8. 前例のないことだが、王はこの大地を、前例となる、地上を愉しむ者と同じように、この地を愛し、まるで、恥じらう花嫁の心のうちを知った花婿が、これを愛するかのようだった。
9. 愉しんでいるうちに、三十二年の月日が経ち、この王が天に昇ると、その息子で、二代目の、水の者(jalaukas)が、大地を照らす飾りとなって、その地位を継いだ。
10. 父王と同じだけの期間、繁栄をもたらしたことで、彼はこの地を照らした。大ソーマ祭の中日(viṣuvat)、冴え冴えとした光を照らす満月が、寒さを知らぬ太陽の炎と、同じくらいに照らすように。
11. そして、言葉の豊かさ(vākpuṣṭā)という伴侶、神々しい力を持つ皇后を得て、その力を愉しむように、叩く者(tuñjīna)が王位に立って、付き従う者たちを喜びで染めた。
12. この王妃と王が、二人で、この肥沃な土地を美しく飾ったのは、まるで、激しく流れるガンジス川と、鹿を刻んだ三日月の、二つが、髪を垂らしたシヴァの頭に乗って、結った髪を飾るようであった。
13. 盆地に道を伸ばして、繁栄をもたらし、二人は、さまざまな色合い(階級)の人々を本心から喜ばせた。

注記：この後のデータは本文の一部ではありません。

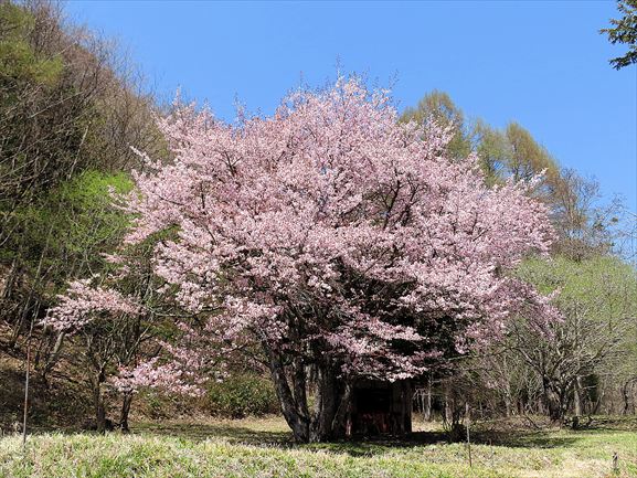 明川桜の里にあるという豆桜という大山桜を見に行ったのですが、これが悲しいことに枯死していまして。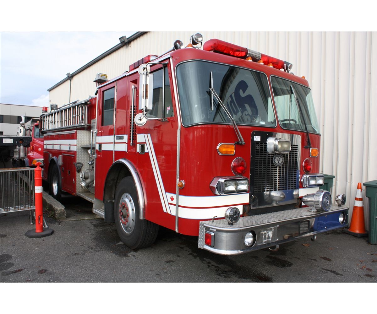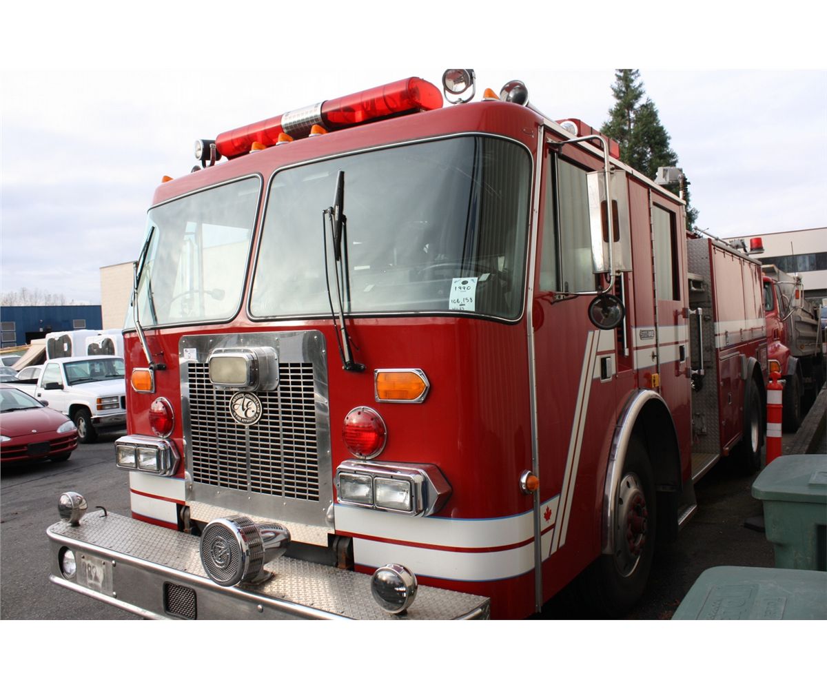 1990 RED SIMON-DUPLEX ANDERSON BODY CLOSED MOTHER INLAW ALLISON AUTOMATIC TRANSMISSION, DETROIT DIESEL, 106,127KM'S, 300 GAL BOOSTER TANK, 30 GALLON CLASS A FOAM TANK, HALE 2 STAGE 1500GPM PUMP, 16,000 FRONT AXLE, 24,000 REAR AXLE

それは、百の色で構成される稲妻と、水を運ぶ雨雲の二つで、大インドラの弓である虹をかけたようだった。
14. また、幸運が高く際立つ二人は、大地を照らす飾りとして、立ち回り、高い者の主シヴァ(tuṅgeśvara)の寺院を、シヴァの住む山に、尾根(katikā)という名前の町とともにつくった。
15. 南部マダヴァの国の中では、激しい暑さで燃えるような土地があり、その力で、たわわに実る木々が、瞬く間に育っていった。
16. その舞踏劇をすべての人々が見たという、優れた詩を書いた詩人で、半島生まれのヴィヤーサ仙から詩才を受け継いだ、小月(candaka)が、その頃、活躍していた。